Kamerlid
Kruimelpad
Gent was een voorbeeldstad, maar is nu een anti-stad (De Gentenaar 14/07/2022)
Bron: De Gentenaar / Het Nieuwsblad, 14/07/2022, p. 4-5 & https://m.nieuwsblad.be/cnt/dmf20220713_94648898?fbclid=IwAR3Fq6PZzVvOWW...
Gent zit met een 'attitudeprobleem', vindt Louis Verbeke (74), oud-voorzitter van de Vlerick Business School aan de Reep. Op de koffie bij Anneleen Van Bossuyt (N-VA, 42) fileert de Latemnaar het financiële beleid van de Stad Gent. “Het kan gewoon allemaal zoveel beter. Gent is zo middelmatig geworden.”
Het bedrijfsleven in Gent steigert, nu er hogere belastingen aangekondigd zijn voor na de zomer. Maar dat is maar een symptoom van een stadsbestuur dat vooral tégen veel is, zegt Louis Verbeke. De oud-advocaat komt amper nog naar de Kuip. Gent-Centrum is te moeilijk te bereiken, is het gevoel dat leeft. Toch zal Verbeke de stad waar hij Vlerick uitbouwde tot een instituut, altijd in zijn hart dragen. “Maar het is allemaal zo middelmatig nu. Gent kan zoveel beter.”

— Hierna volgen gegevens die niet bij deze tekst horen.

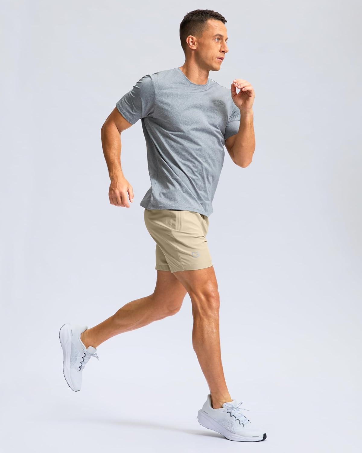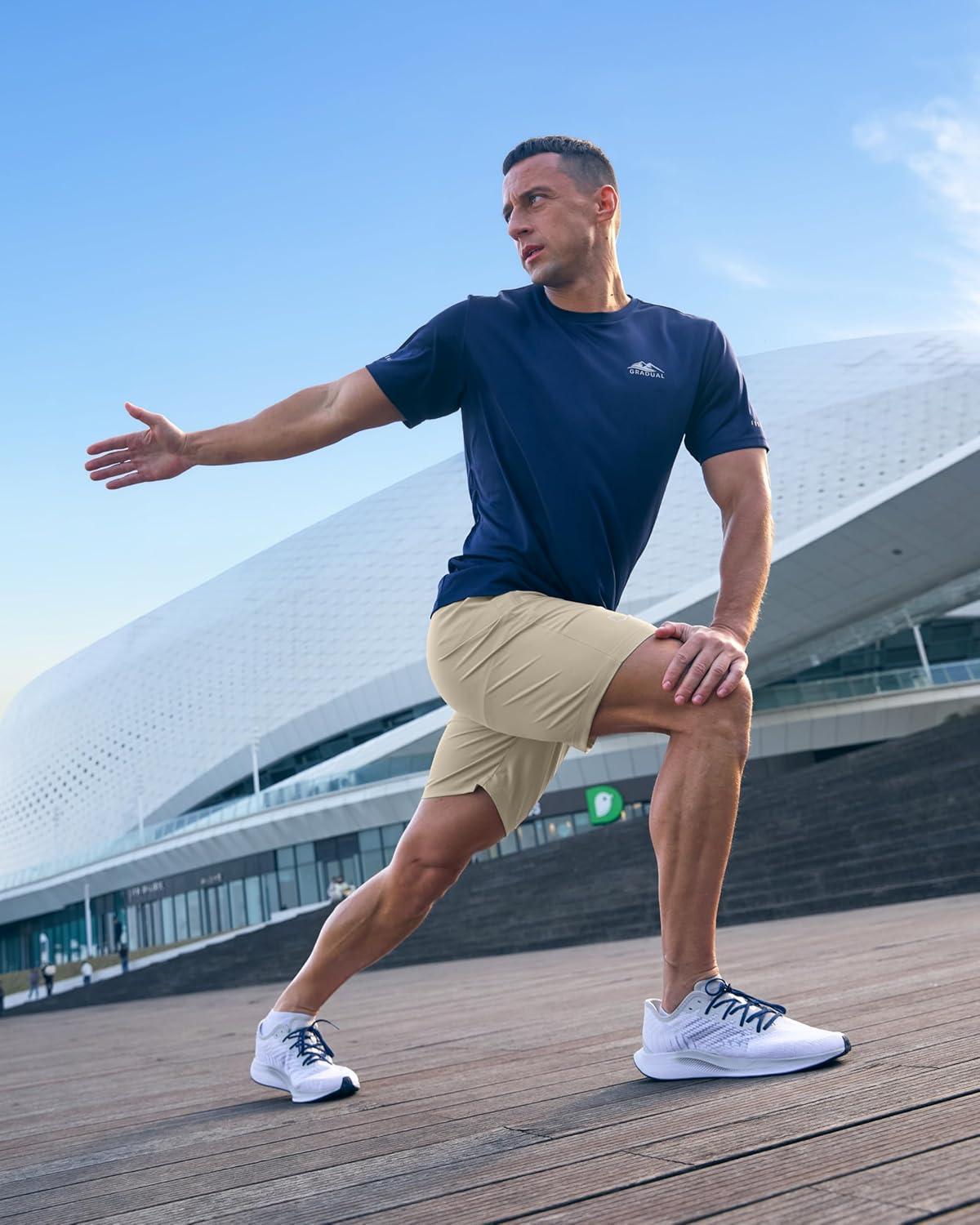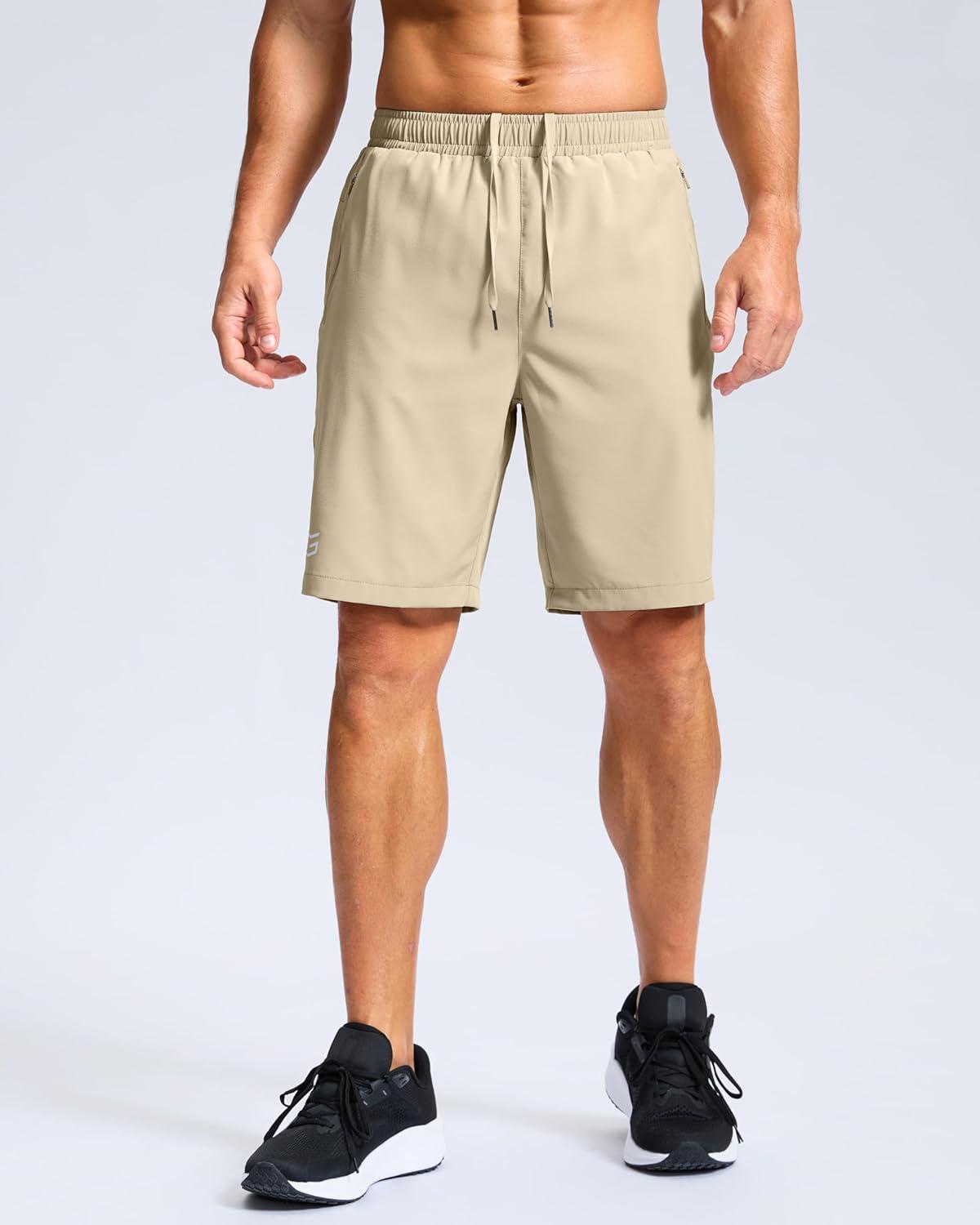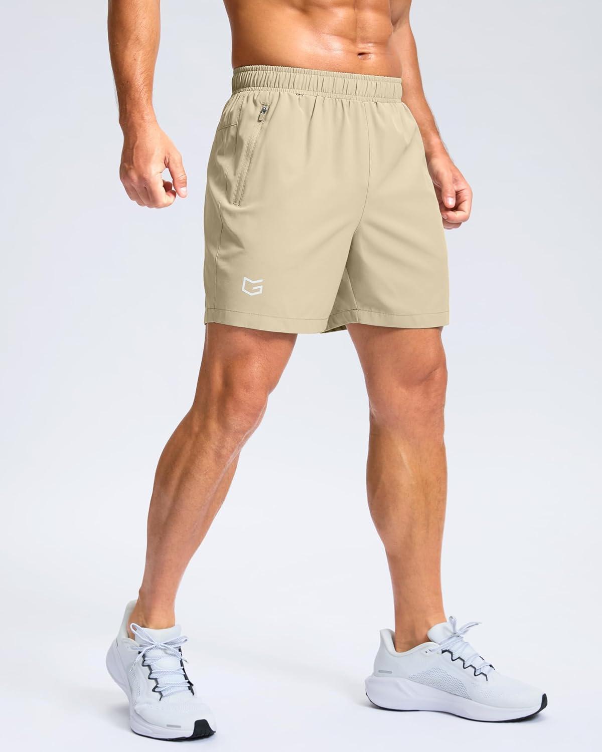 G Gradual Men’s Athletic Running Shorts with Zipper Pockets Quick Dry 7″/ 5″/ 9″ Workout Gym Shorts for Basketball Hiking(Khaki)
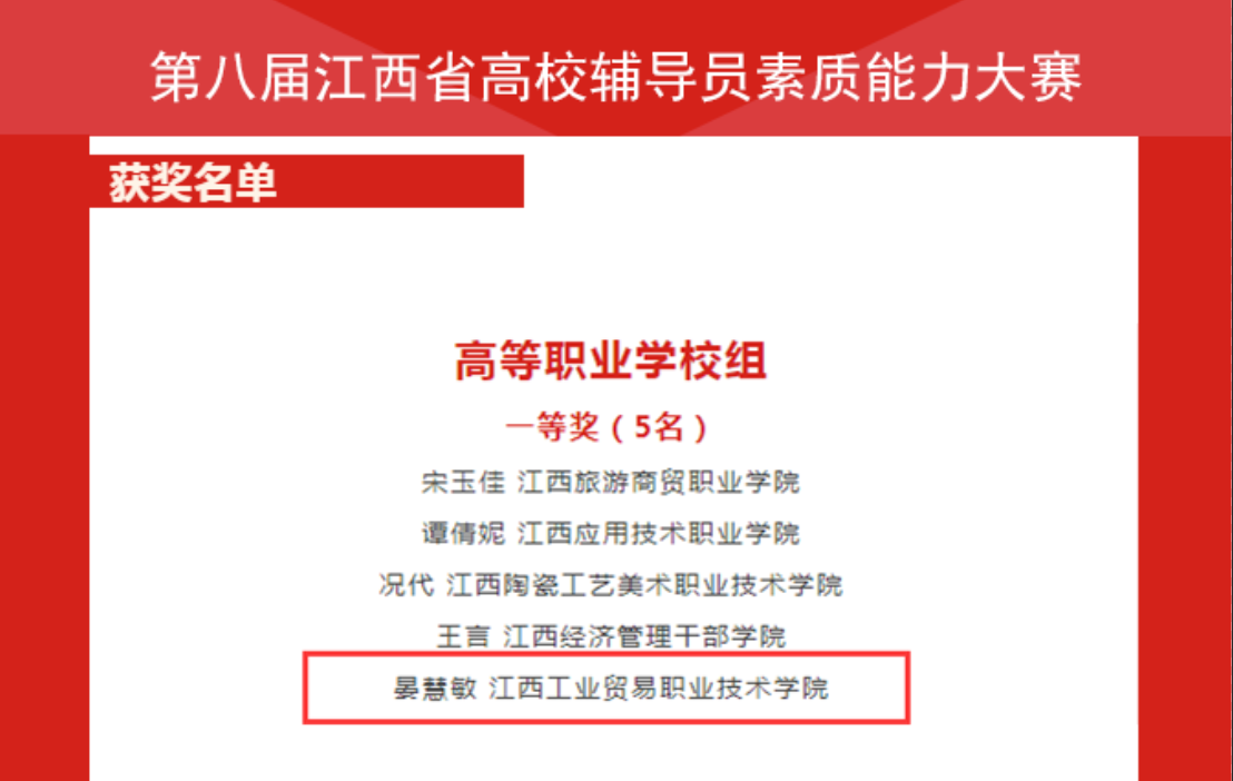 6月13日至14日,第八届江西省高校辅导员素质能力大赛在南昌举行,经过连续两天的激烈角逐,信息工程系辅导员晏慧敏老师脱颖而出,荣获第八届江西省高校辅导员素质能力大赛(高等职业学校组)一等奖的优异成绩。

We zitten met de Latemnaar bij Anneleen Van Bossuyt in Oostakker. De frontvrouw van de Gentse N-VA heeft er versterking bijgehaald om het financiële beleid van het stadsbestuur van burgemeester Mathias De Clercq (Open VLD) te fileren. De Clercq en co. kondigden net een pakket van besparingen en hogere belastingen aan om de rekening te doen kloppen.
“De bedrijven worden in deze stad gewoon gebruikt als melkkoe”, schampert Van Bossuyt nog voor we aan de koffie zijn begonnen. “Dat is echt niet overdreven. De Stad zit dan ook met een diepe put. Bart (De Wever, red.) zegt dat vaak tegen mij: Anneleen, als jullie daar in Gent in de meerderheid komen, wat gaan jullie daar dan kunnen doen? Er is geen geld.”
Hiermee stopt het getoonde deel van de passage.